Question

Find \[p\] and \[q\] such that \[\left( x+1 \right)\] and \[\left( x-1 \right)\] are factors of the polynomial \[{{x}^{4}}+p{{x}^{3}}-3{{x}^{2}}+2x+q\]. Find the value of \[a\] and \[b\] so that the polynomial \[{{x}^{3}}-a{{x}^{2}}-13x+b\] has \[\left( x-1 \right)\] and \[\left( x+3 \right)\] as factors.

Answer 1

Hint: Equate the given factor of the polynomial to zero. Find the value of \[x\] and substitute them in the polynomial. You will get two equations with \[p\] and \[q\]. Solve them to get the value of  \[p\] and \[q\]. Similarly do the same for polynomial 2 and get the value of \[a\] and \[b\].

Complete step-by-step answer:

We have been given two polynomials and their factors such that we need to find the value of \[p\],\[q,\],\[a\] and \[b\] from it. Let us take the first expression as \[f\left( x \right)\].

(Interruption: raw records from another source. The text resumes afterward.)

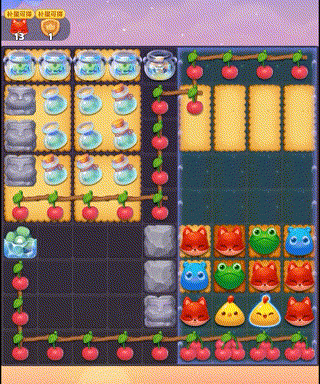 首先第一步,我们需要消除雪块并向下击打樱桃,然后引爆让动物方块掉落并进行填充,也可以成功激活重力场的装置。
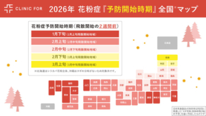 クリニックフォア医師によると、花粉症は1月頃からの早期治療が特に重要。スギ花粉は飛散開始の2、3週間前から少量飛び始めることが知られ、毎年症状が強い人は12月末から準備を始めるケースも。飛散量の多い年は「薬のアップデート」の検討も勧めています。
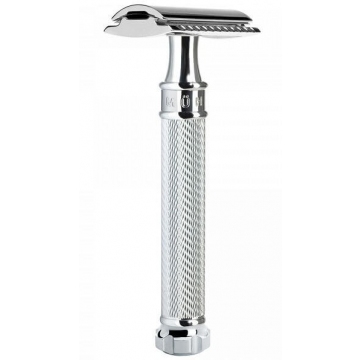 Tradiční holicí strojek od Mühle na klasické žiletky s otočným kolečkem na konci rukojeti pro odejmutí horního dílu hlavice. Spodní část hlavice zůstává připevněná k masivní rukojeti. Výměna žiletek je tak velmi jednoduchá. Strojek se vyznačuje přesnou ergonomií a krásným designem. Je celokovový a pochromovaný. Rukojeť je velmi jemně zdobená. Dodáváno v dárkové krabičce s jednou žiletkou Derby. Vhodný pro každodenní holení. Délka strojku je 107 mm, průměr rukojeti je 14 mm a váha je 90 g. Vyrobeno v Německu.
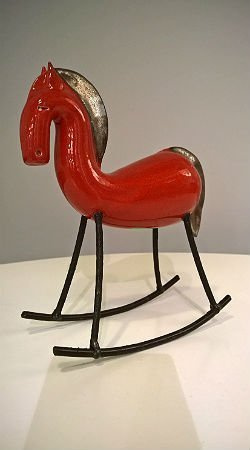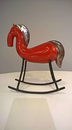 - Figurka ceramiczna - konik na metalowych biegunach. Kolor czerwony z metalicznym dodatkiem na grzebieniu i ogonie, bieguny czarne.
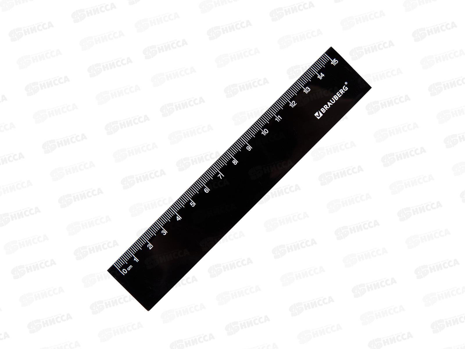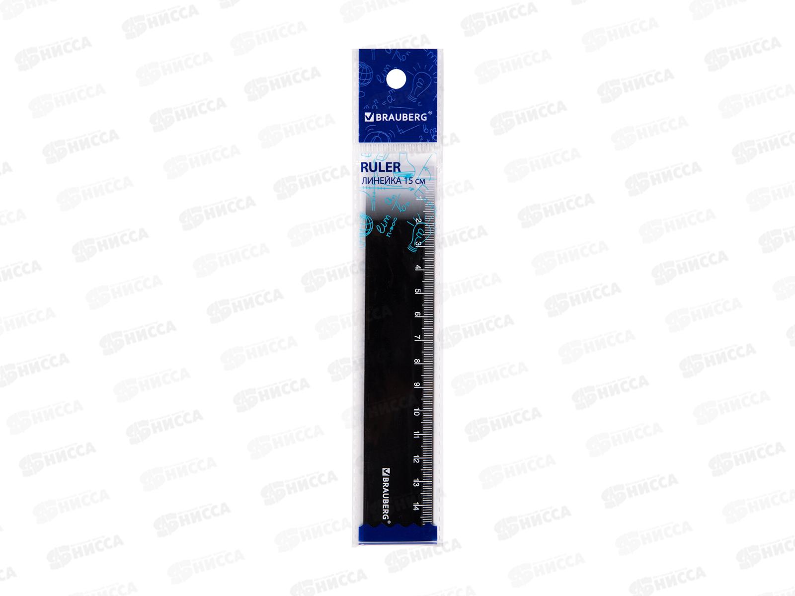 Линейка 15см BRAU черная, пластик, 210774 *24/96

\[f\left( x \right)={{x}^{4}}+p{{x}^{3}}-3{{x}^{2}}+2x+q\text{ }\to (1)\]

Now we have been given that \[\left( x+1 \right)\] and \[\left( x-1 \right)\] are factors of the given polynomial. Let us equate them to zero and get the value of \[x\].

$ x+1=0\text{ and }x-1=0 $

$ \therefore x=-1\text{ and }x=1 $

Thus we got the value of \[x=1\text{ },-1\]

Let us put \[x=1\text{ }\]in equation (1)

$ f\left( x \right)={{1}^{4}}+p{{\left( 1 \right)}^{3}}-3{{\left( 1 \right)}^{2}}+2\times \left( 1 \right)+q $

$ \text{ }=1+p-3+2+q $

$ \text{ }=p+q $

Thus we get \[f\left( x \right)=p+q=0\text{ }\to \text{(2)}\]

Let us put \[x=1\text{ }\]in equation (1)

$ f\left( x \right)={{\left( -1 \right)}^{4}}+p{{\left( -1 \right)}^{3}}-3{{\left( -1 \right)}^{2}}+2\times \left( -1 \right)+q $

$ \text{ }=1-p-3-2+q $

$ \text{ }=q-p-4=0\text{ }\to \text{(3)} $

Thus we got two equations (2) and (3). Let us solve them and find the value of  \[p\] and \[q\].

From (2), \[p=-q,\] put this value in (3)

$ q-p=4 $

$ q-\left( -q \right)=4 $

$ q+q=4 $

$ 2q=4 $

$ \therefore q=2 $

Now put  \[q=2,\]

$q-p=4 $

$ 2-\left( p \right)=4 $

$  \therefore p=-2 $

Hence we got p = -2 and q = 2

Now let us take 2nd expression as \[f\left( x \right)\]

\[f\left( x \right)={{x}^{3}}-a{{x}^{2}}-13x+b\text{ }\to \text{(4)}\]

We have been given that \[\left( x-1 \right)\] and \[\left( x+3 \right)\] are the factors of this polynomial. Let us equate them to zero and get the value of \[x\].

$ x-1=0\text{ and }x+3=0 $

$ x=1\text{ and }x=-3 $

Thus we got the value of \[x=1,-3\]

Let us put  \[x= -1\] in equation (4)

$ f\left( 1 \right)={{1}^{3}}-a{{\left( 1 \right)}^{2}}-13\times 1+b $

$ \text{ =}1-a-13+b $

$  \therefore b-a=12 \text{ }\to (5) $

Now put \[x=-3\] in (4)

$ f\left( -3 \right)={{\left( -3 \right)}^{3}}-a{{\left( -3 \right)}^{2}}-13\times \left( -3 \right)+b $

$\text{ =}-27-9a+3a+b\text{ }\to (6) $

From (5) we get \[b=12+a\], put this in equation (6)

$ -27-6a+12+a=0 $

$ -15-5a=0 $

$  -5a=15 $

$a=-3 $

Now put \[a=-3\] in (5)

\[b=12-3=9\]

Thus we got \[a=-3\] and \[b=9\].

Thus we solved the given polynomials.

\[\therefore \]  \[p=-2,q=2,a=-3\text{ and }b=9\]

Note: Be careful when you substitute the value of \[x\] into the equation of the polynomial. If there is a change in sign by mistake then the value of \[p,q,a,b\] you will be wrong. So, remember to put the sign correctly.